TASK TO COMPLETE: Without any of the pictures, transcribe all the lines below exactly.

[Records contained in a dataset]
- Opening Delimiter -

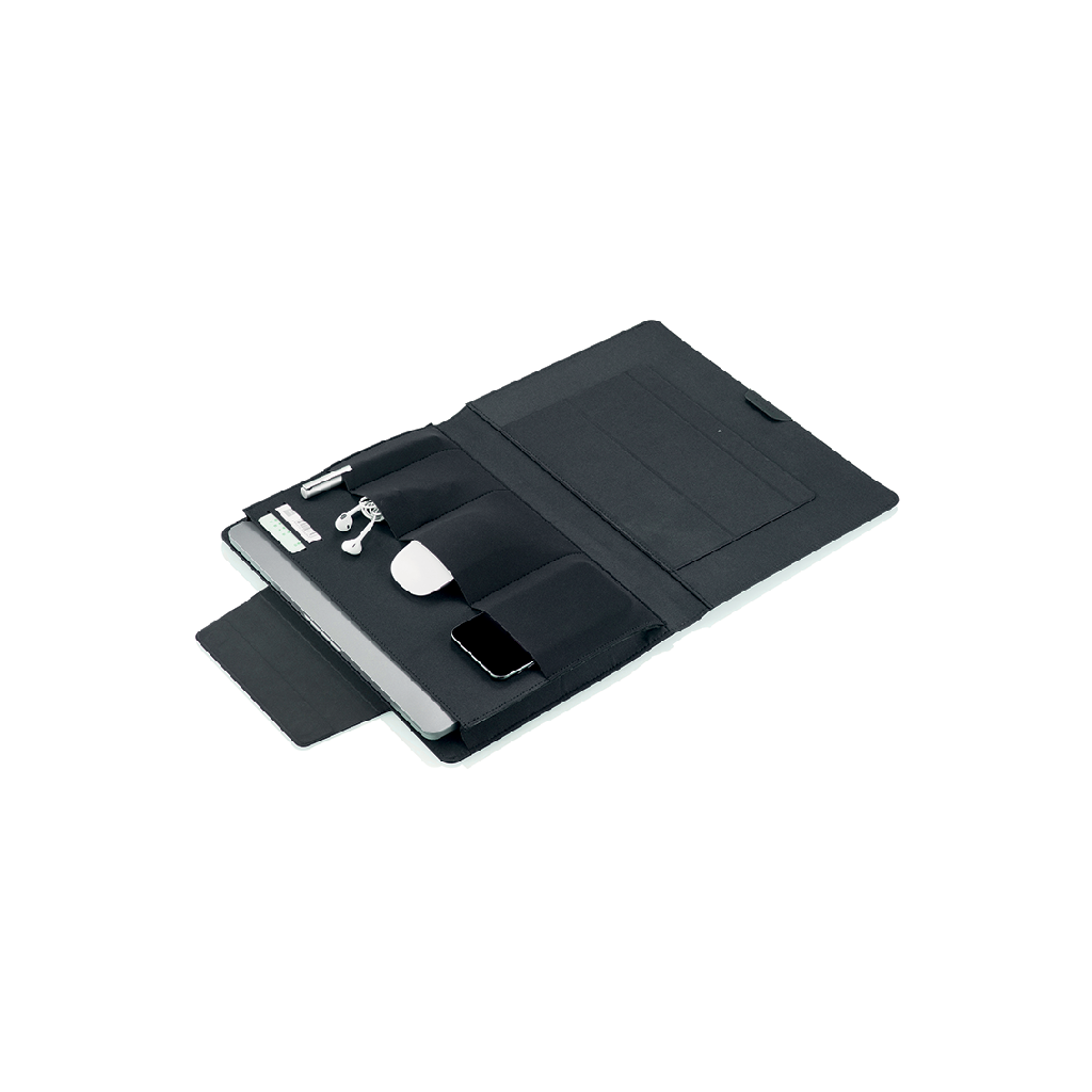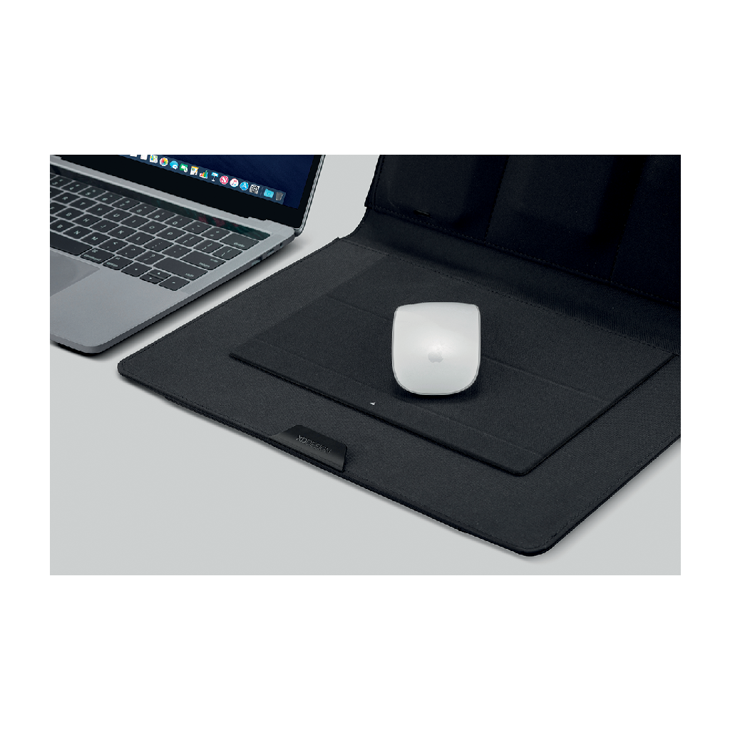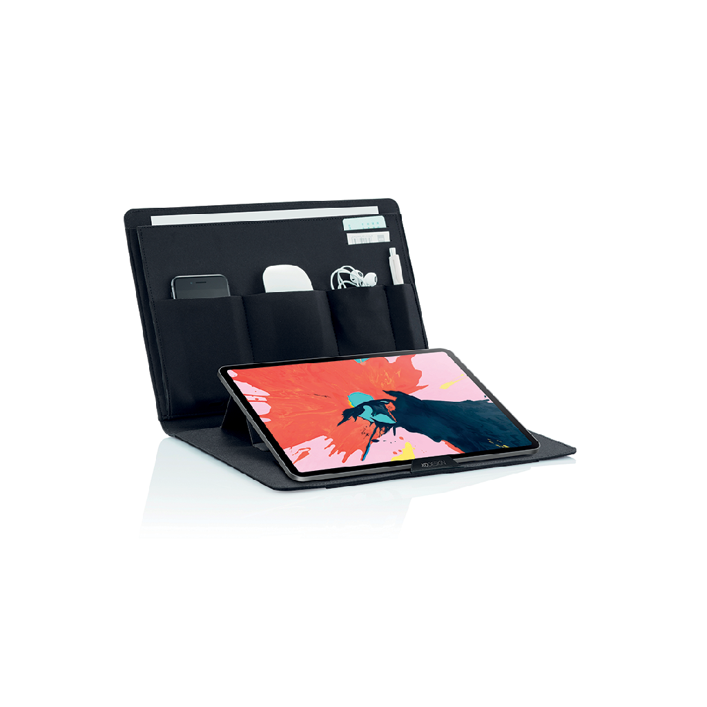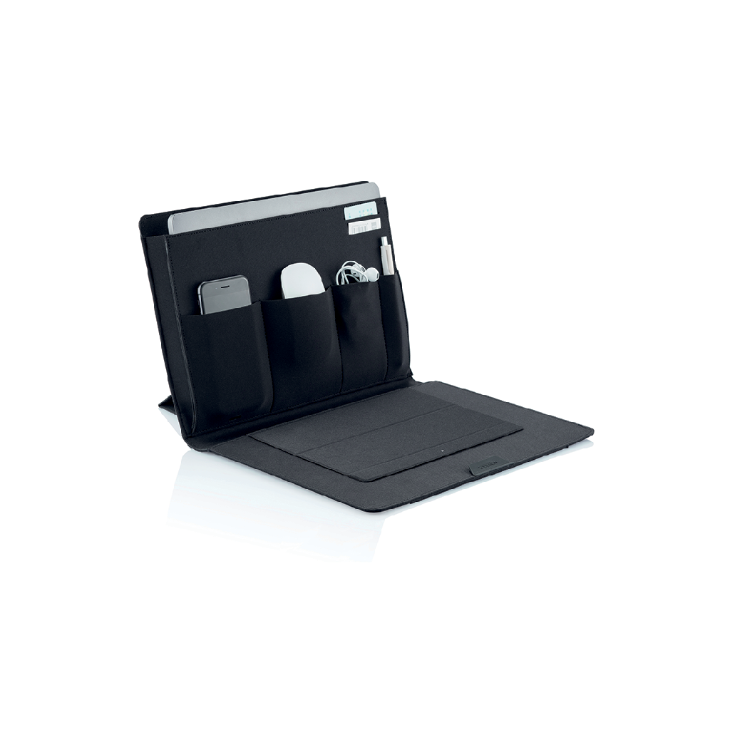 Chytrá mobilní kancelář pro pohodlnou práci na cestách vám nabídne úložný prostor pro notebook 13" a tablet 12.9", magnetický stojan na notebook, držák na tablet a podložku pod myš. Vyrobena z recyklovatelného materiálu rPET. Pracujte pohodlně odkudkoliv!
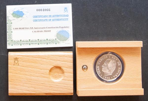 JUAN CARLOS I (1975-2014). 1000 Pesetas. (Ar. 13,50g/33mm). 1998. FNMT. XX Aniversario de la Constitución Española. PROOF. Presentada en estuche oficial y con certificado de autenticidad.
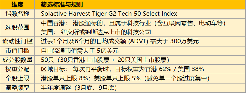 采取62%港股 + 38% 美股的动态平衡机制,成分股数量为50只(30只香港上市股票 + 20只美国上市股票);
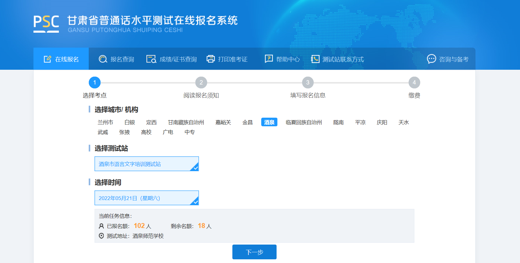 1.2022年5月12日至5月13日,考生登錄網(wǎng)址http://gsbm.cltt.org/pscweb/index.html(建議使用谷歌瀏覽器打開(kāi)),依據(jù)提示進(jìn)行操作,選擇“酒泉市語(yǔ)言文字培訓(xùn)測(cè)試站”,在右側(cè)選擇測(cè)試時(shí)間(5月21日、22日),進(jìn)行在線預(yù)報(bào)名。
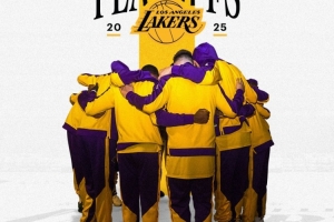 赛后,湖人官方推特晒出一张海报,庆祝球队晋级季后赛。
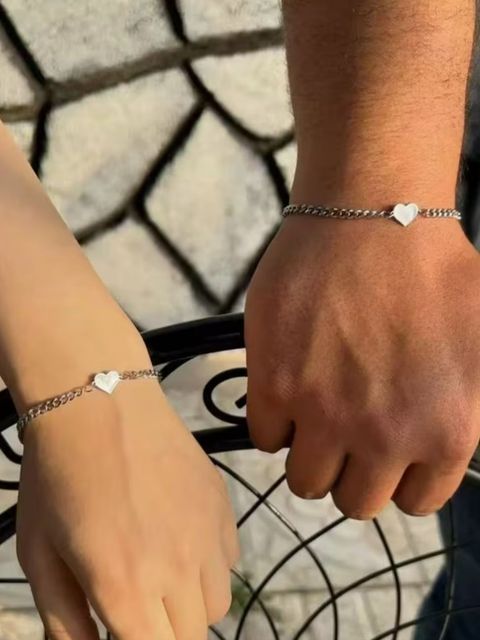 Hermosas pulseras de acero con dije de corazón para compartir entre 2 personas que se quieran! Una pulsera es mas pequeña y la otra es mas grande, asi les quedan perfectas a ambos!

- Closing Delimiter -

TASK RESPONSE:
 Chytrá mobilní kancelář pro pohodlnou práci na cestách vám nabídne úložný prostor pro notebook 13" a tablet 12.9", magnetický stojan na notebook, držák na tablet a podložku pod myš. Vyrobena z recyklovatelného materiálu rPET. Pracujte pohodlně odkudkoliv!
 JUAN CARLOS I (1975-2014). 1000 Pesetas. (Ar. 13,50g/33mm). 1998. FNMT. XX Aniversario de la Constitución Española. PROOF. Presentada en estuche oficial y con certificado de autenticidad.
 采取62%港股 + 38% 美股的动态平衡机制,成分股数量为50只(30只香港上市股票 + 20只美国上市股票);
 1.2022年5月12日至5月13日,考生登錄網(wǎng)址http://gsbm.cltt.org/pscweb/index.html(建議使用谷歌瀏覽器打開(kāi)),依據(jù)提示進(jìn)行操作,選擇“酒泉市語(yǔ)言文字培訓(xùn)測(cè)試站”,在右側(cè)選擇測(cè)試時(shí)間(5月21日、22日),進(jìn)行在線預(yù)報(bào)名。
 赛后,湖人官方推特晒出一张海报,庆祝球队晋级季后赛。
 Hermosas pulseras de acero con dije de corazón para compartir entre 2 personas que se quieran! Una pulsera es mas pequeña y la otra es mas grande, asi les quedan perfectas a ambos!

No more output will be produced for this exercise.